13 Mem . ’t Is van wegen de sonden harer Propheten, [ende ] de misdaden harer Priesteren, die in het midden van haer, het bloet der rechtveerdigen vergoten hebben.
14 Nun . Sy swerfden [als ] blinde op de straten, sy waren met bloet besmett, soo dat men niet en konde zijn [of ] men raeckte hare kleederen aen.
15 Samech . Sy riepen tot hen, wijckt, [hier is ] een onreyne, wijckt, wijckt, en roert niet aen: Sekerlick sy zijn wech gevlogen, ja wech gesworven: sy seyden onder de Heydenen, Sy en sullender niet langer woonen.
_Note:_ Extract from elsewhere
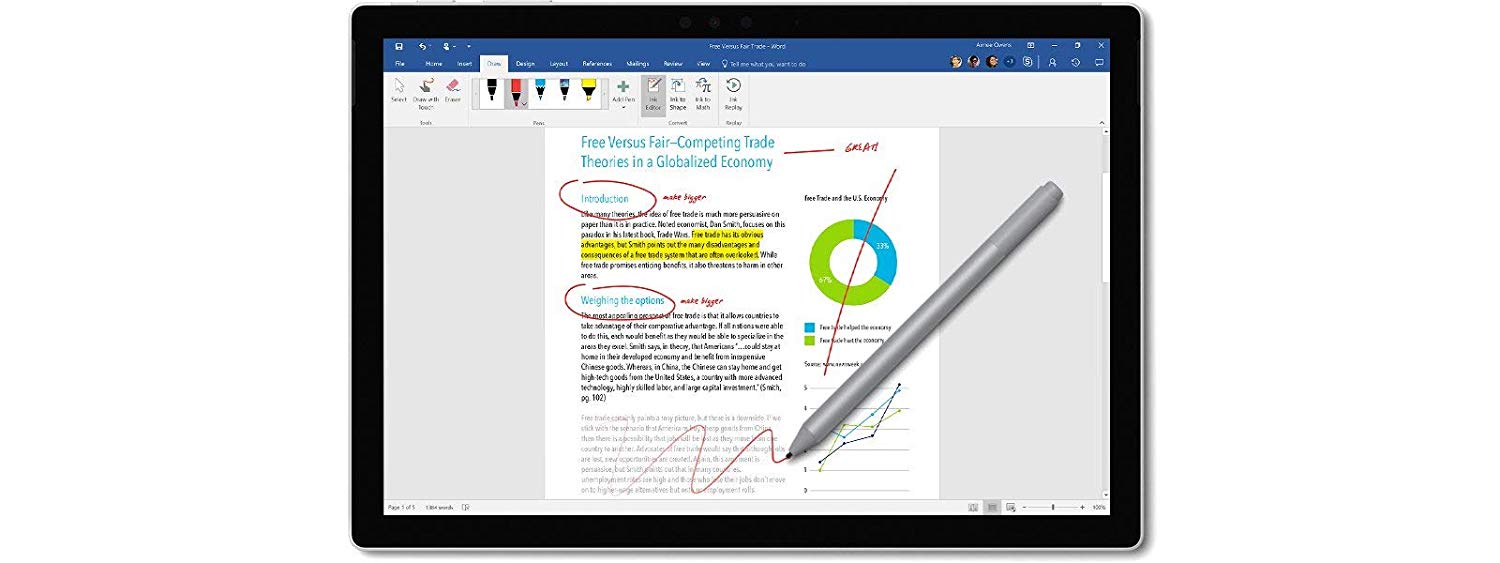 Раскройте потенциал Surface Pen в Windows и пакете приложений Office: зачеркивайте слова и с легкостью удаляйте их, выделяйте нужные фразы, подчеркивайте, копируйте и вставляйте - работайте с текстом с максимальным удобством.

16 Pe . Des HEEREN aengesichte heeftse verdeylt, hy en salse voortaen niet meer aensien: sy en hebben het aengesichte der Priesteren niet ge-eert, sy en hebben den ouden geen genade bewesen.
17 Ain . Noch besweecken ons onse oogen, [siende ] na onse ydele hulpe: wy gaepten met ons gapen op een volck, [dat ] niet en konde verlossen.
18 Tsade . Sy hebben onse gangen na gespeurt, dat wy op onse straten niet gaen en konden: Ons eynde is genadert, onse dagen zijn vervult, ja ons eynde is gekomen.
19 Koph . Onse vervolgers zijn sneller geweest, dan de arenden des hemels: sy hebben ons op de bergen hittighlick vervolght, in de woestijne hebben sy ons lagen geleyt.
20 Resch . Den adem onser neusen, de Gesalfde des HEEREN, is gevangen in hare groeven: [van ] welcken wy seyden, Wy sullen onder sijne schaduwe leven onder de Heydenen.
21 Schin . Weest vrolick, ende verblijdt u, ghy dochter Edoms, die in het lant Uz woont: [doch ] de beker sal oock tot u komen, ghy sult droncken worden, ende ontbloot worden.
22 Thau . Uwe ongerechtigheyt heeft een eynde, O ghy dochter Zions: hy en sal u niet meer gevangelick doen wech voeren: [maer ] uwe ongerechtigheyt, O ghy dochter Edoms, sal hy besoecken, hy sal uwe sonden ontdecken.